The copy must run from the first line of the entries below through the line containing "Download or print", restated word for word, with pictures left out.

Collected data entries:
'''

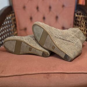 Chic Toms wedges with animal print. Ideal for adding flair to any outfit.
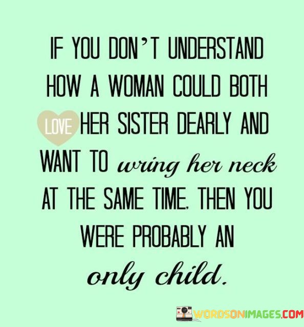 This quote humorously captures the complex and multifaceted nature of sibling relationships, particularly between sisters. It playfully suggests that if someone can't comprehend how a woman can simultaneously love her sister deeply and yet experience moments of frustration or annoyance with her, it might be because they haven't experienced the dynamics of siblinghood themselves, specifically as an only child. The quote highlights the unique blend of emotions that often characterize sibling relationships, where love, support, and loyalty coexist with moments of irritation or disagreement. It celebrates the complexities of sisterly bonds, recognizing that the love shared between siblings can be both profound and exasperating, and that this duality is an integral part of the sibling experience.
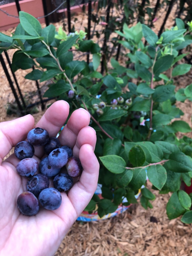 Speaking of blueberries, a couple of the bushes had berries on them when we bought them, and they’ve been ripening. So far we like the Emerald blueberries best. They are so sweet!
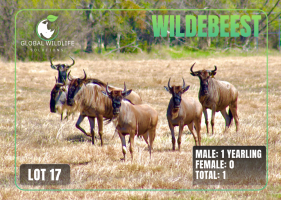 0.1Wildebeest Wildebeest Female - Offered is a exposed mature wildebeest cow. The herd has a proven history of successfully producing offspring. This cow would make a strong and valuable addition to your herd. Pictures taken from the actual herd on the ranch. Individual animal may vary slightly due to capture, but quality is consistent across the herd. She is located in Burleson County. Spring 2026 Global Wildlife Solutions Exotic Wildlife Auction | 30 | $ 5,000.00 |
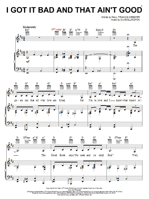 Download or print Duke Ellington I Got It Bad And That Ain't Good sheet music, chords and digital score arranged for Easy Piano. This Jazz score includes 3 page(s).
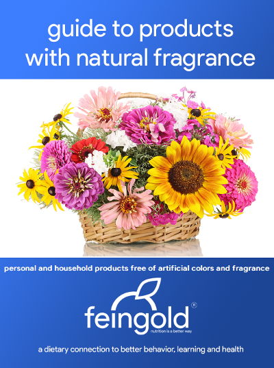 Our Guide to Products with Natural Fragrance lists products that contain natural fragrances but no synthetic (artificial) fragrance, colors, BHA, BHT, or TBHQ. The booklet is divided into Stage One and Stage Two sections, and both retail and mail order products are included. Most of these products are available in both the U.S. and Canada. We do not know if any of them are available in other countries.
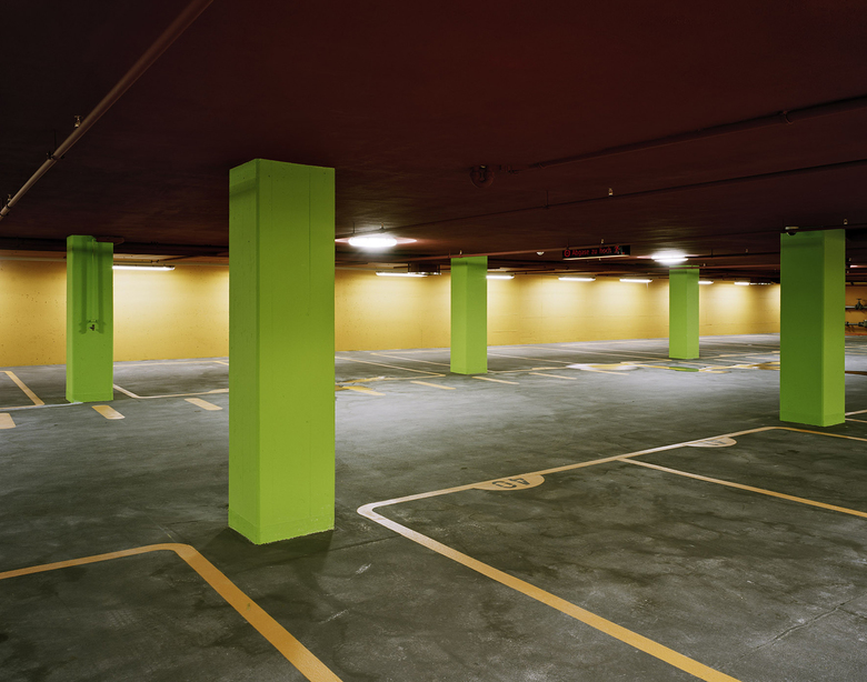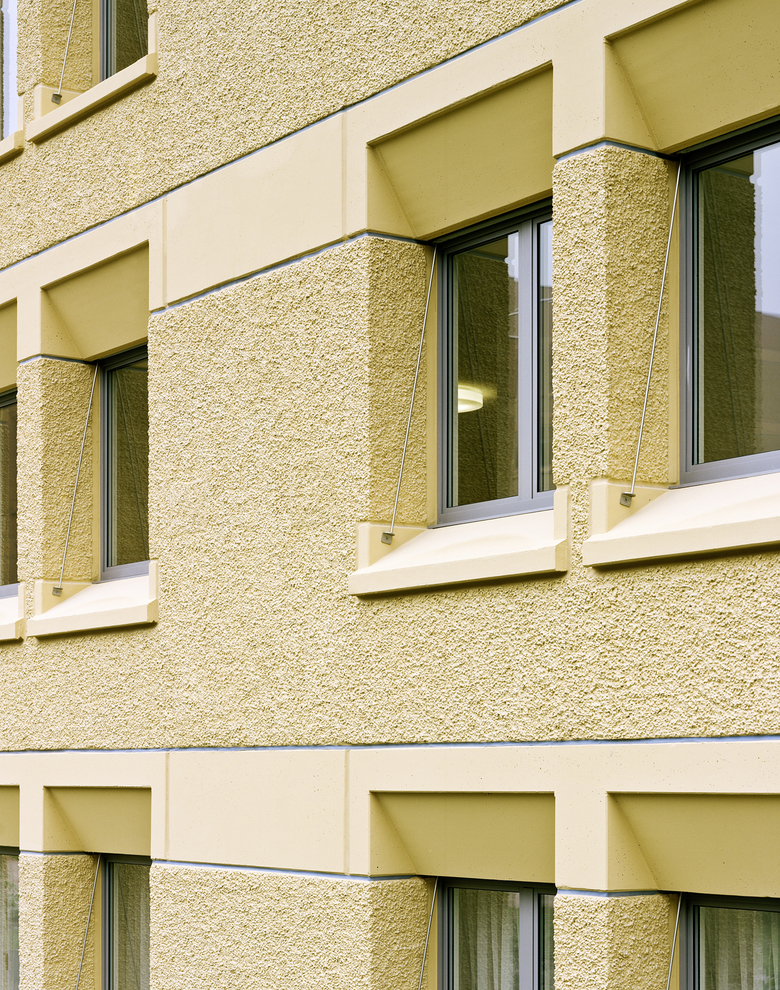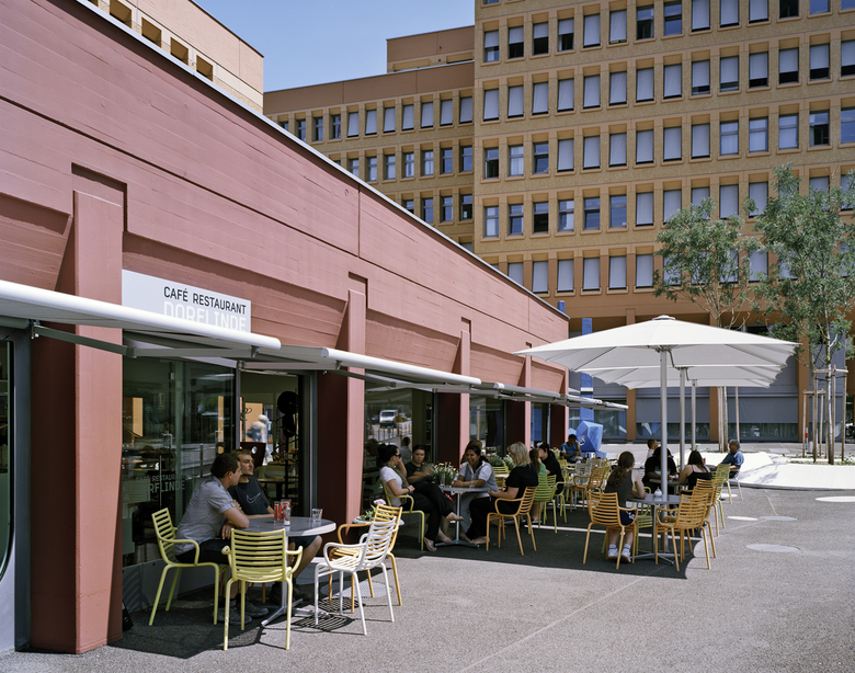 Die drei Publikumsebenen der Anlage sind in ihrer Wirkung gestärkt und über neue grosszügig angelegte Treppenanlagen besser miteinander verbunden worden: Der Garten wird verdichtet, der Platz auf Strassenniveau dagegen räumlich geöffnet und das unterirdische Parkhaus besser in den öffentlichen Raum miteinbezogen. Die einheitliche neue Farbgebung beruht auf dem ursprünglichen Farbkonzept und lässt mit dem neuen Goldschimmer auf den groben Putzflächen und im Zusammenwirken mit weiteren gestalterischen Massnahmen die massigen Dorflindebauten wesentlich leichter und zeitgemässer erscheinen.

'''

WRITTEN RESPONSE —
 Chic Toms wedges with animal print. Ideal for adding flair to any outfit.
 This quote humorously captures the complex and multifaceted nature of sibling relationships, particularly between sisters. It playfully suggests that if someone can't comprehend how a woman can simultaneously love her sister deeply and yet experience moments of frustration or annoyance with her, it might be because they haven't experienced the dynamics of siblinghood themselves, specifically as an only child. The quote highlights the unique blend of emotions that often characterize sibling relationships, where love, support, and loyalty coexist with moments of irritation or disagreement. It celebrates the complexities of sisterly bonds, recognizing that the love shared between siblings can be both profound and exasperating, and that this duality is an integral part of the sibling experience.
 Speaking of blueberries, a couple of the bushes had berries on them when we bought them, and they’ve been ripening. So far we like the Emerald blueberries best. They are so sweet!
 0.1Wildebeest Wildebeest Female - Offered is a exposed mature wildebeest cow. The herd has a proven history of successfully producing offspring. This cow would make a strong and valuable addition to your herd. Pictures taken from the actual herd on the ranch. Individual animal may vary slightly due to capture, but quality is consistent across the herd. She is located in Burleson County. Spring 2026 Global Wildlife Solutions Exotic Wildlife Auction | 30 | $ 5,000.00 |
 Download or print Duke Ellington I Got It Bad And That Ain't Good sheet music, chords and digital score arranged for Easy Piano. This Jazz score includes 3 page(s).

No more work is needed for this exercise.